Disadvantage: Accuracy of extraction results is related to information content
Fusion Method: Combining Formal Analysis and Search Method to Extract Key Information
XML JSON YAML Search
Need to tag parsers and text lookup functions

Example

Extract all URL links in HTML

Train of thought:

1. Search for all < a > tags
1. Parse < a > tag format and extract the link content after href

image.png

An example of extracting html information based on bs4

image.png

<>.find_all(name, attrs, recursive, string, **kwargs)
_name: Retrieval string for tag name
Returns a list type to store the results of the lookup

image.png

<>.find_all(name, attrs, recursive, string, **kwargs)
_name: Retrieval string for tag name
_attrs: Retrievable string for tag attribute values that can be tagged for attribute retrieval

image.png

>>> soup.find_all('p', 'course')
[<p class="course">Python is a wonderful general-purpose programming language. You can learn Python from novice to professional by tracking the following courses:

<a class="py1" href="http://www.icourse163.org/course/BIT-268001" id="link1">Basic Python</a> and <a class="py2" href="http://www.icourse163.org/course/BIT-1001870001" id="link2">Advanced Python</a>.</p>]
>>> soup.find_all('p','course')
[<p class="course">Python is a wonderful general-purpose programming language.

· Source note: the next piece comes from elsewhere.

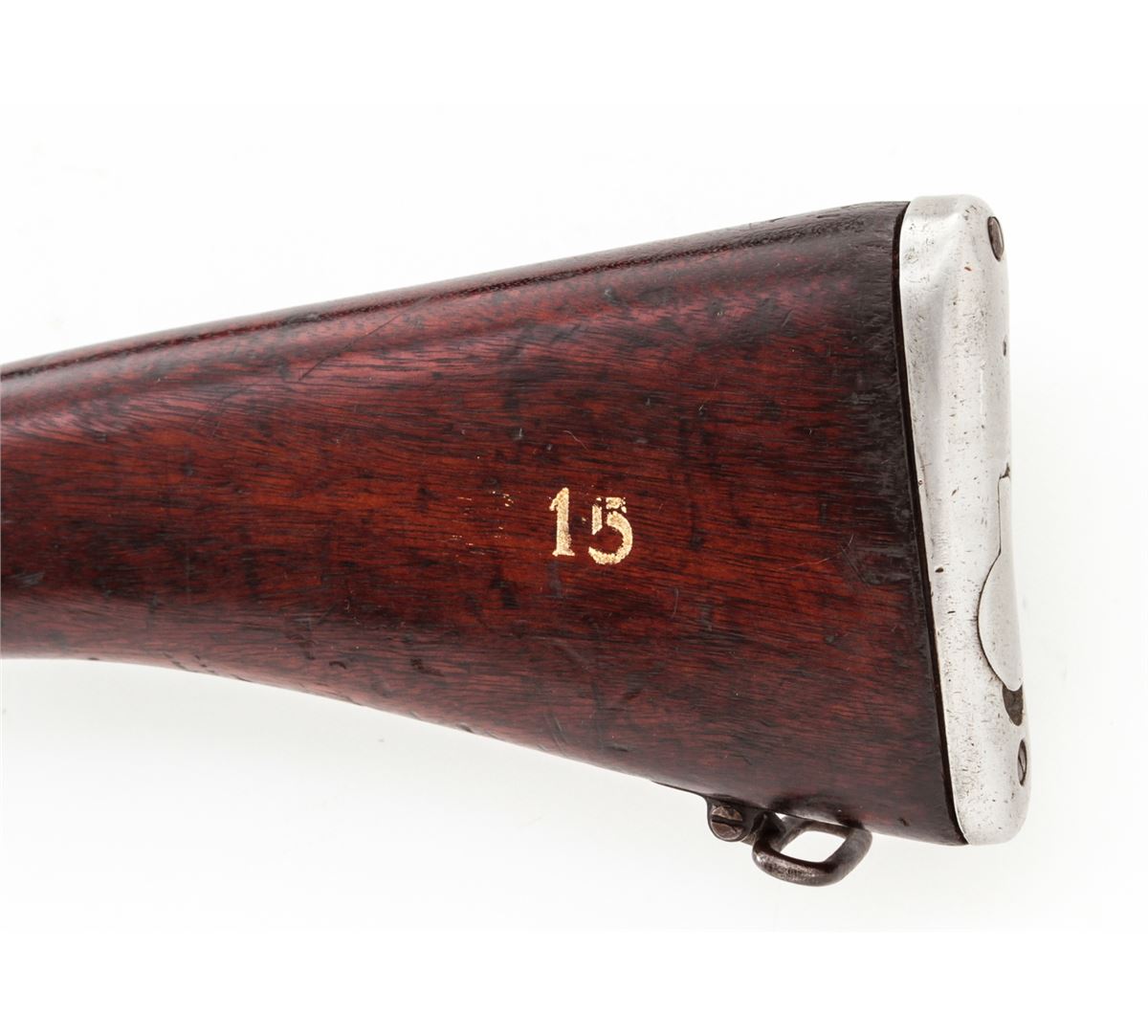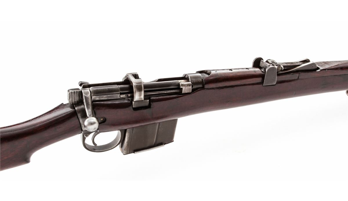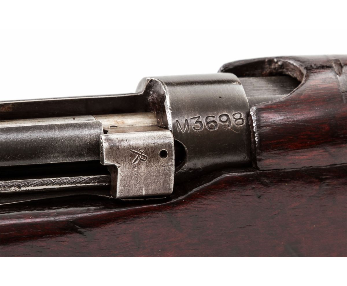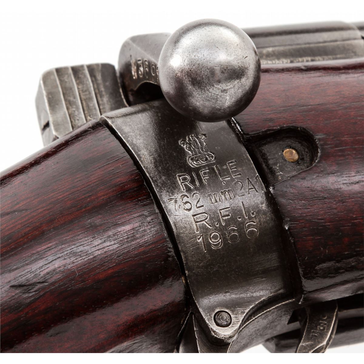 British 2A1 Bolt Action Rifle, by RFI (1966), #M3698, .308 cal., 25'' barrel, matte blue finish, walnut stock and forend, with white metal buttplate. Condition is fine retaining approx. 85% thinning blue. Stock with oil darkening, scuffs and scratches. Lightly import marked to rear right portion of frame. Good action and bore. Est.: $250-$400. (C&R)

You can learn Python from novice to professional by tracking the following courses:

<a class="py1" href="http://www.icourse163.org/course/BIT-268001" id="link1">Basic Python</a> and <a class="py2" href="http://www.icourse163.org/course/BIT-1001870001" id="link2">Advanced Python</a>.</p>]
>>> soup.find_all('p','title')
[<p class="title"><b>The demo python introduces several python courses.</b></p>]
>>> soup.find_all(id = 'link1')
[<a class="py1" href="http://www.icourse163.org/course/BIT-268001" id="link1">Basic Python</a>]
>>>

<>.find_all(name, attrs, recursive, string, **kwargs)
_name: Retrieval string for tag name
_attrs: Retrievable string for tag attribute values that can be tagged for attribute retrieval

>>> soup.find_all(id = re.compile('link'))
[<a class="py1" href="http://www.icourse163.org/course/BIT-268001" id="link1">Basic Python</a>, <a class="py2" href="http://www.icourse163.org/course/BIT-1001870001" id="link2">Advanced Python</a>]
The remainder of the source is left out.